Tristan Needham's Visual Complex Analysis contains a proof that the symbolic (i.e. $(a+ib)(c+id) = (ac-bd) + i(bc+ad)$) and geometric (i.e. "multiply the lengths and add the angles") rules for complex multiplication are equivalent (pages 8-10). The proof goes like this:
- Geometric to symbolic: The symbolic rule is determined as soon as we say that $i^2=-1$ and that the distributive property holds, so it suffices to show that these two properties hold. The former is true since $i$ has length $1$ and angle $\pi/2$, so squaring it produces length $1$ and angle $\pi$, i.e. $-1$. The latter is true since rotations and dilations preserve parallelograms.

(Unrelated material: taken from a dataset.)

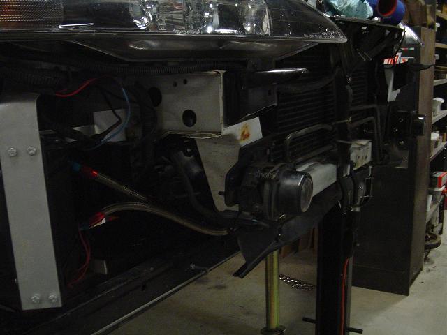 I don't think anybody would want to fit a bigger core to the front of a 2g. It takes up just about all of the available space, unless you really want to hack up the car/bumper. Although the LICP is 2.5 inches, we jumped it up to 3.0 at the inlet to the core, just in case I ever needed to go bigger it would be as simple as replacing the LICP. The pipes were trimmed to the shape of the tank openings so there would not be any pipe protruding into the tanks. We are running 3.0 inch up to the TB elbow. Still haven't decided which TB I want to go with yet, I'm working on that, but it will be done later. The tanks are made from .090 aluminum. We pressure tested it @ 42psi to make sure the welds would hold and check for leaks. We have engineering templates made for the tank panels that I'll try to scan and post later if anybody wants them. We cut the lower part off the bumper support brackets to make room for the intercooler pipes as seen in the pics. Everything will fit under the bumper and retain the driving/fog lamps. I'll post more pics as we go.

- Symbolic to geometric: $iz = i(x+iy) = -y + ix$ according to the symbolic rule, so multiplication by $i$ is equivalent to a right-angle rotation. Using the distributive property we then have $(x'+y'i)z = x'z + y'(iz) = x'z + y'(z \text{ rotated by right angle})$. Drawing the picture, the triangle formed by points $(0,0), (x',0), (x',y')$ is now similar to the triangle formed by points $(0,0), x'z, (x'+y'i)z$, which shows that the length has been multiplied by the length of $x'+y'i$ and that the angle has been rotated by the angle of $x'+y'i$.

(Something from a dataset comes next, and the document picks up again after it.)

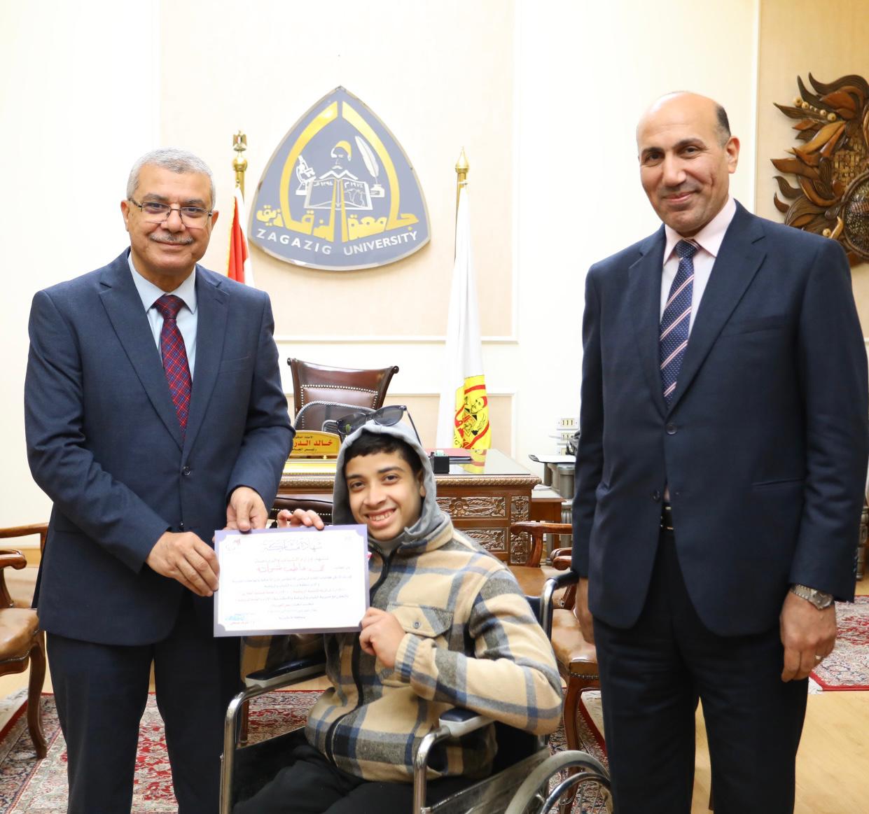 رئيس جامعةالزقازيق يُكَرِّمُ الطلاب الفائزين في فعاليات ذوى الهمم

My basic question is something like: In what sense was the above a proof? How can we formalize what must be shown, and how does the above prove that?

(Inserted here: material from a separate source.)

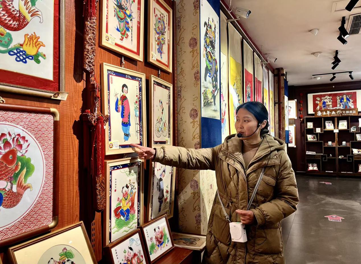 何花对绵竹年画作品进行讲解

One basic confusion I have is that the structure of the theorem at a high level looks like $A=B$ (symbolic=geometric), and yet we are having to show the equivalence in both directions. If we want to show $A=B$, we only need to show $A=B$ and not $B=A$ also. Maybe another way to state this is that it seems we just need to define complex multiplication in one way, then prove the other rule as a theorem, which seems to require only one direction. So in one sense by showing two directions the above proof seems overkill.
Okay so what are we trying to show? It seems like we have two representations of complex numbers, the algebraic/symbolic one $\mathbf C$ and the geometric one $\mathbf C'$. And we have multiplication $\cdot$ defined on $\mathbf C$, and multiplication $\cdot'$ defined on $\mathbf C'$. We want to show that there is some bijection $f : \mathbf C \to \mathbf C'$ such that $f(z\cdot w) = f(z)\cdot' f(w)$ for all $z,w\in \mathbf C$.
How does the above proof produce such an $f$? The "Geometric to symbolic" direction first shows that $f(i)^2 = f(-1)$. It then shows that $f(z)(f(w) + f(u)) = f(z)f(w) + f(z)f(u)$. If we assume $f$ interacts well with addition and multiplication by real numbers, we have $f(a+ib)f(c+id) = f((ac-bd) + i(ad+bc))$. But are we allowed to assume this? If so it sounds like we are done, and if not then I'm not sure how this direction of the proof is useful. For "Symbolic to geometric" direction I'm not sure how to translate it in terms of $f$.